A la mañana siguiente, el Conde se encontraba de un humor excelente; Mesala le observaba sorprendido mientras le oía tararear durante el desayuno; movía el tenedor cual batuta a la par que iba cogiendo trozos de fruta de las bandejas que portaban los enanos; ya llevaba más de tres raciones, su apetito parecía no tener límite.

— Estas fresas saben deliciosas. Pruébalas Mesala, ya verás –dijo el Conde señalando la bandeja.

Mesala alargó la mano, cogió una, y se la metió en la boca, más por el hecho de obedecer al Conde que por que realmente le apeteciera. Durante años, el senescal se había acostumbrado a comer únicamente cuando disponía de un momento libre, y jamás en presencia de su Señor, ya que podía considerarse una falta de respeto.

— Sí, mi Señor, son ciertamente muy sabrosas –dijo Mesala, sonriendo levemente.

— No entiendo cómo hay personas que no disfrutan de estos placeres y que alimentan su cuerpo y su espíritu con basura deshidratada.

— Yo tampoco, Sire –respondió Mesala observando extrañado la conducta del Conde.

— Bueno, ya estoy lleno.
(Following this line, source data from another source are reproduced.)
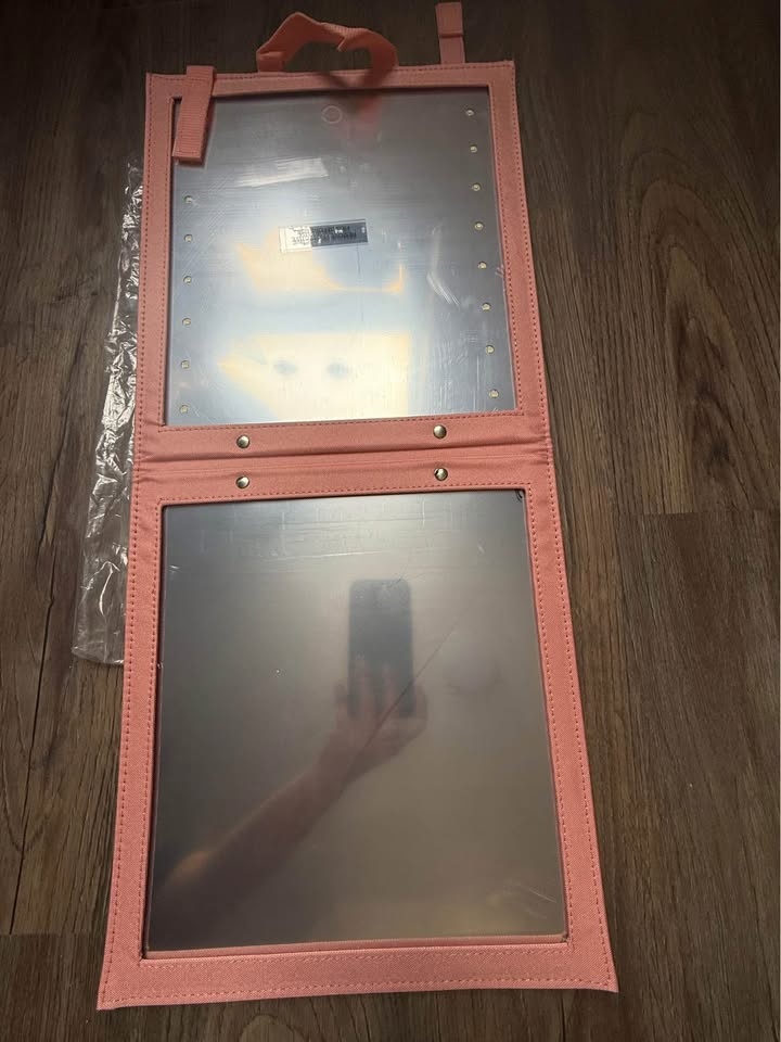 25 x 11.5 inches BRÜUN Foldable Hangable Mirror with Dimmable LED Lights - Pink
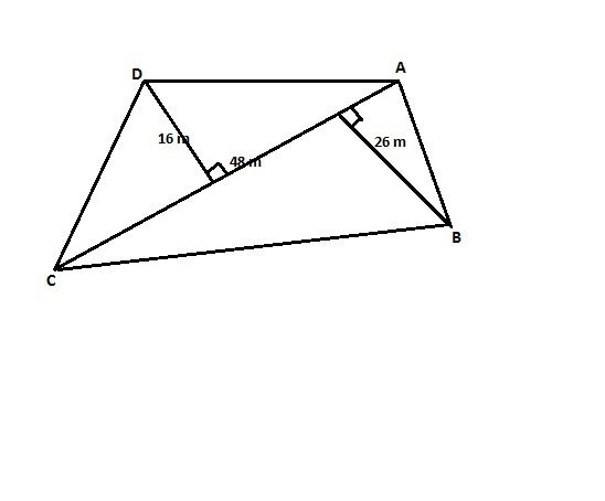 We have been given that the length of a diagonal of a quadrilateral shaped field Is 48 m. The length of perpendicular dropped on it from the remaining apposite vertices are 16 m and 26 m.
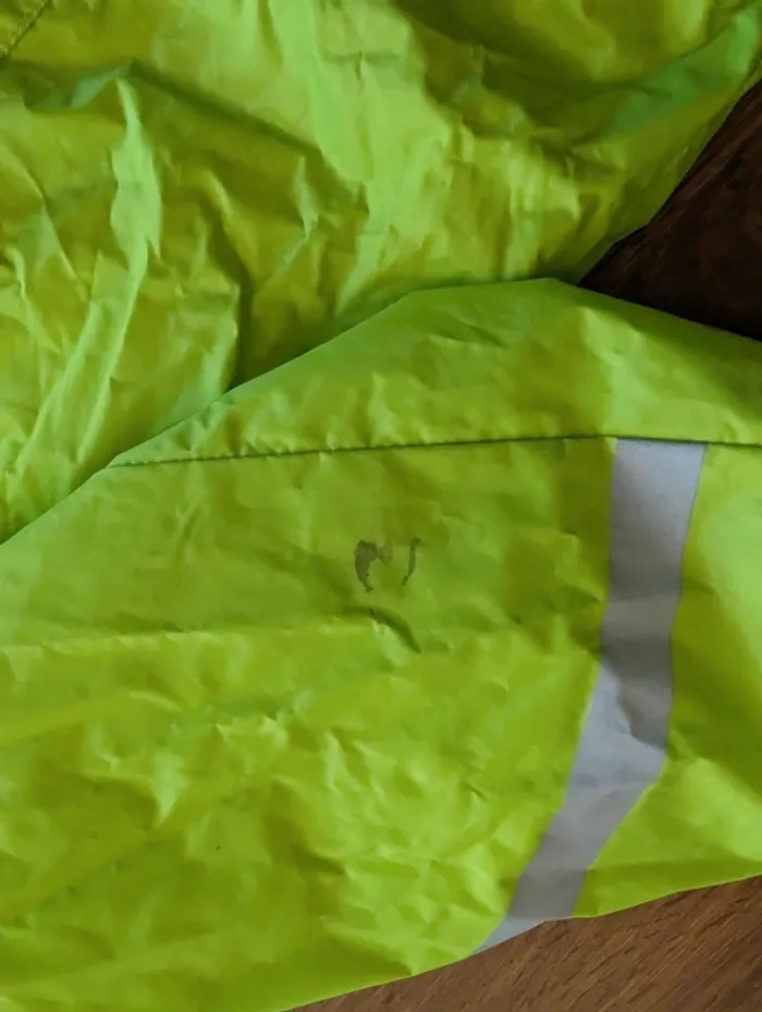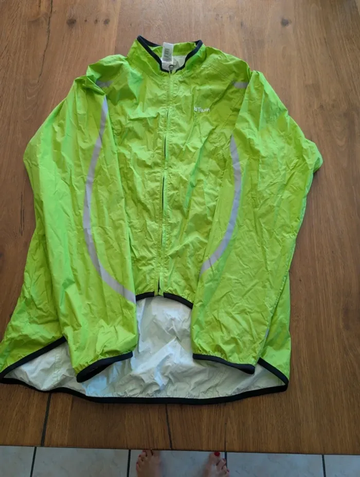 Vêtement coupe-pluie pour vélo, marque B'twin (Decathlon), taille L. En parfait état à part de petites taches au bout des manches.

Iros –dijo el Conde lanzando el tenedor a la cabeza de uno de los enanos.

Una vez todos los sirvientes hubieron salido de la estancia, el Conde se levantó y caminó hasta un amplio ventanal que daba a una de las terrazas de su palacio de Thanos. Sin girarse, hizo un gesto a Mesala para que se acercara a él.

— Mi buen Mesala, he decidido hacer un par de cambios en mi plan que sé que, a la larga, serán de lo más provechosos.

— Ordenad, Señor.

— Primero, Itsake no saldrá a cumplir la siguiente misión que tenía encomendada. Quiero que prepares a un comando de Walkirias en su lugar.
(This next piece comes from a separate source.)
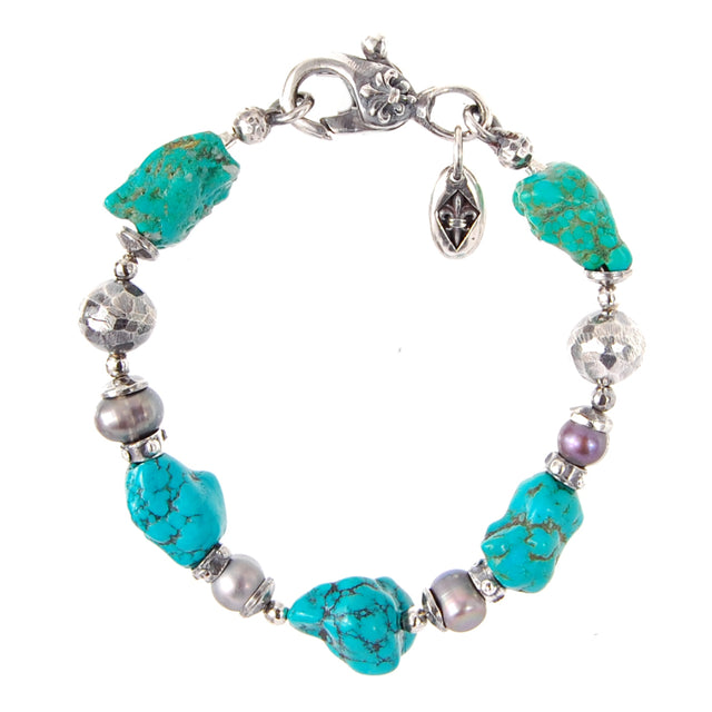 Armband aus Silber und Perlen FELSEN und FELSEN und schwarze Perlen

— ¿Puedo atreverme a preguntar el motivo, Sire?

— Normalmente no podrías, pero hoy estoy feliz, así que voy a complacerte. Quiero que Itsake inicie cuanto antes un programa de formación para aprovechar su potencial. Yo mismo me encargaré de ponerlo en práctica.

— Sí, mi Señor, como ordenéis.

— También quiero que te lleves a Kimura.

— ¿Señor? –dijo Mesala muy sorprendido. En los años a su servicio, nunca había visto al Conde separándose de su hermosa geisha.

— El entrenamiento que voy a realizar con Itsake requerirá todo mi esfuerzo y concentración. No me apetece que nada me distraiga. Envía a Kimura a… Krystallus-Nova, a visitar a sus hermanas. Dile que le he concedido unas merecidas vacaciones, que la echaré mucho de menos y que esperaré con ansia su regreso. Dile lo que quieras, pero que esta noche no esté aquí.

— Sí, Señor.

— Bien, y ahora tráeme a mis querubines, aún no les he dado los buenos días –dijo el Conde al tiempo que abría las puertas de cristal que daban a la terraza.

Mesala puso rumbo a las habitaciones donde descansaban las mascotas de su Señor, mientras éste se imaginaba las posibilidades que albergaba aquella extraordinaria mujer que había despertado una reciente fascinación en alguien tan poco impresionable como él.